He won't tell his mum

MY fiance lives with his widowed mother who is in her 70s and, although her son and I have been together for four years, we have never met.
He has lived at home all his life, other than when he first met me while we were both working abroad for three years.
I am sure she is trying to stop us from getting married as the date has already been postponed. I have no idea why, other than that she had a “problem.” It’s as if he either can’t or won’t face her, and I’m beginning to think it’s not going to happen. Do I have to wait for her to die? - DL
Fiona says: For a woman in her 70s, the possibility exists that she could still live a very long time, so assuming you’re not willing to wait that long, I think it’s time the two of you met. You can show her that you understand her feelings, that you genuinely love her son and that you are not taking him too far away.

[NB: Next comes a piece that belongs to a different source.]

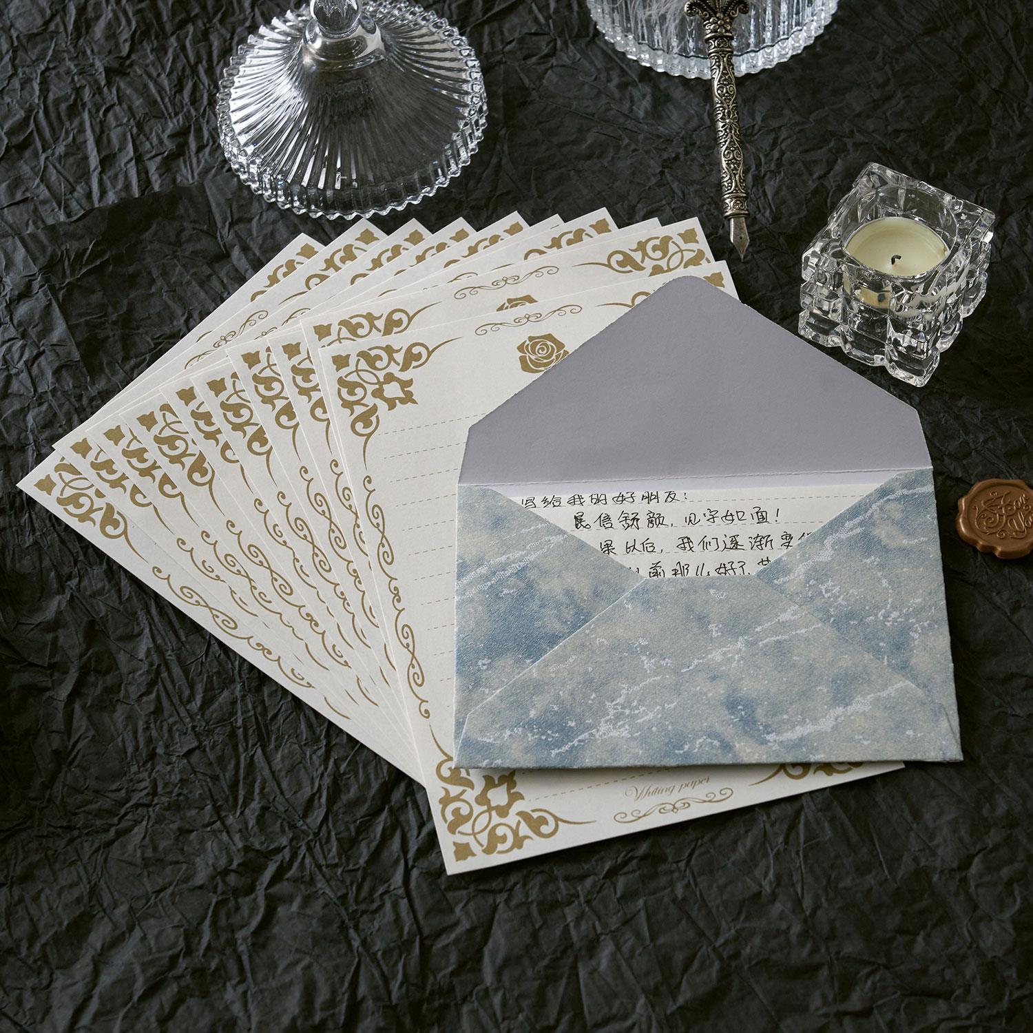 信纸信封套装高级感鎏金浮雕纹理加厚简约送男女友手写情书火漆信封欧式精致感谢信书信纸复国风高颜值明信片

You will also be able to discover if she really is the reason behind your fiance’s delays because it may be it’s his problem, not his mother’s, and that he has his own reasons for delaying things.
If he refuses to introduce you then perhaps it’s time to consider whether he’s the right man for you.

My daughter's a recluse
MY daughter is 26 with two lovely children, but after a deeply upsetting divorce last year, she’s become a recluse.
I would have thought that after nearly 18 months, she would be over things, but she just sits indoors every evening, even though I’ve told her I can babysit any time. She’s a very pretty woman and I feel she should be out meeting people, but she seems to think nobody will want her because she has two children. What more can I do to help? - RS
Fiona says: Your daughter has obviously taken the divorce very badly and I suspect she’s lost confidence.
She may also be depressed, so trying to push her into socialising could make her feel more vulnerable.
In time she may feel differently, but for the moment, give her time and room to get over this bad experience. She’s still very young and there will be plenty of time for socialising when she’s ready.